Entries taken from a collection
<<<<
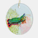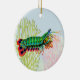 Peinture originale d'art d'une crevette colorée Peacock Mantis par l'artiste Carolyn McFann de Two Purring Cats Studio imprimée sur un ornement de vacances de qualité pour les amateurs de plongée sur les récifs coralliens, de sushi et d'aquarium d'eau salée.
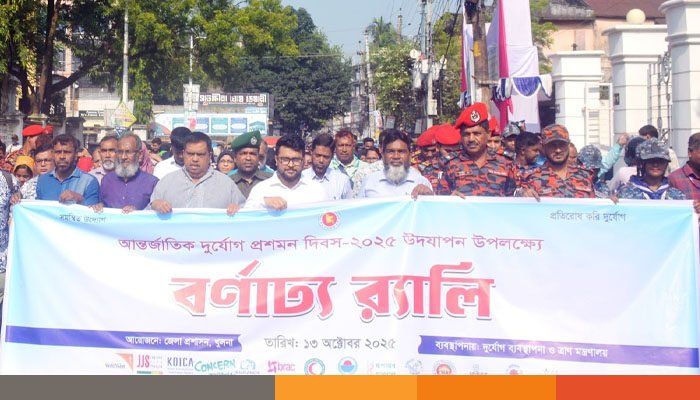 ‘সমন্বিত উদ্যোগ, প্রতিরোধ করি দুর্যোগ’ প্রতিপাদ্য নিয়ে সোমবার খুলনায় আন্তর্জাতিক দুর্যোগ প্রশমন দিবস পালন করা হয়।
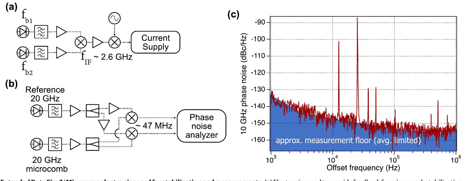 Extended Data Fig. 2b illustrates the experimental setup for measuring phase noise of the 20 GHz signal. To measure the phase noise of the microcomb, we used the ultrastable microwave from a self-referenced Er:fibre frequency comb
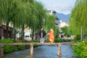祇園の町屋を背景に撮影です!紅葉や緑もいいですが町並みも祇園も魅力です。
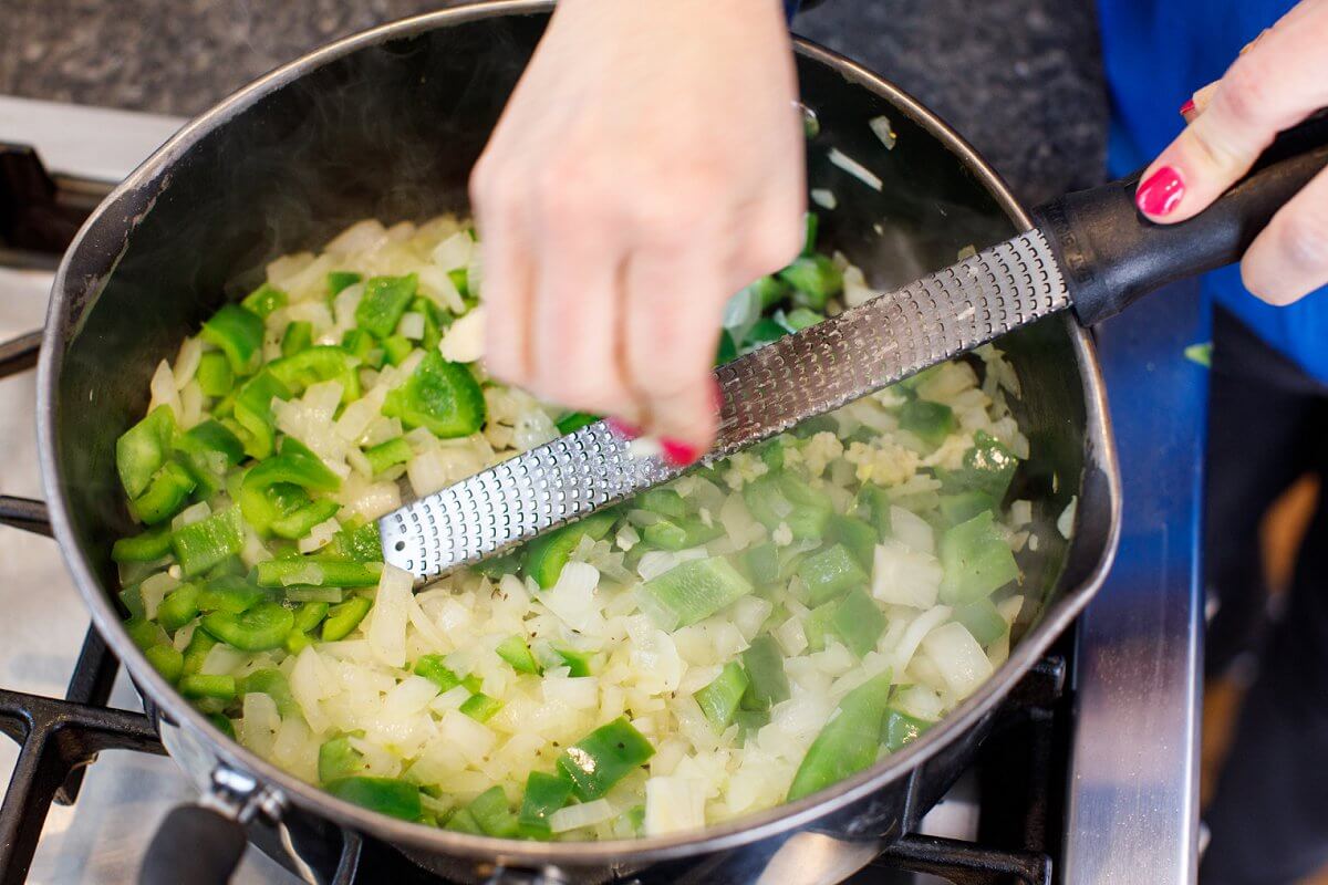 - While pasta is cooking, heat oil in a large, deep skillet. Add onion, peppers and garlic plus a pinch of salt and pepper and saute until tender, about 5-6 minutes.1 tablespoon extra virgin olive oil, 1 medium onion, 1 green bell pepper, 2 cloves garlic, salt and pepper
>>>>
Pictures are to be left out, and the lines from the beginning of the records through the line with "পালন করা হয়।" are to be printed exactly, with nothing added.

 Peinture originale d'art d'une crevette colorée Peacock Mantis par l'artiste Carolyn McFann de Two Purring Cats Studio imprimée sur un ornement de vacances de qualité pour les amateurs de plongée sur les récifs coralliens, de sushi et d'aquarium d'eau salée.
 ‘সমন্বিত উদ্যোগ, প্রতিরোধ করি দুর্যোগ’ প্রতিপাদ্য নিয়ে সোমবার খুলনায় আন্তর্জাতিক দুর্যোগ প্রশমন দিবস পালন করা হয়।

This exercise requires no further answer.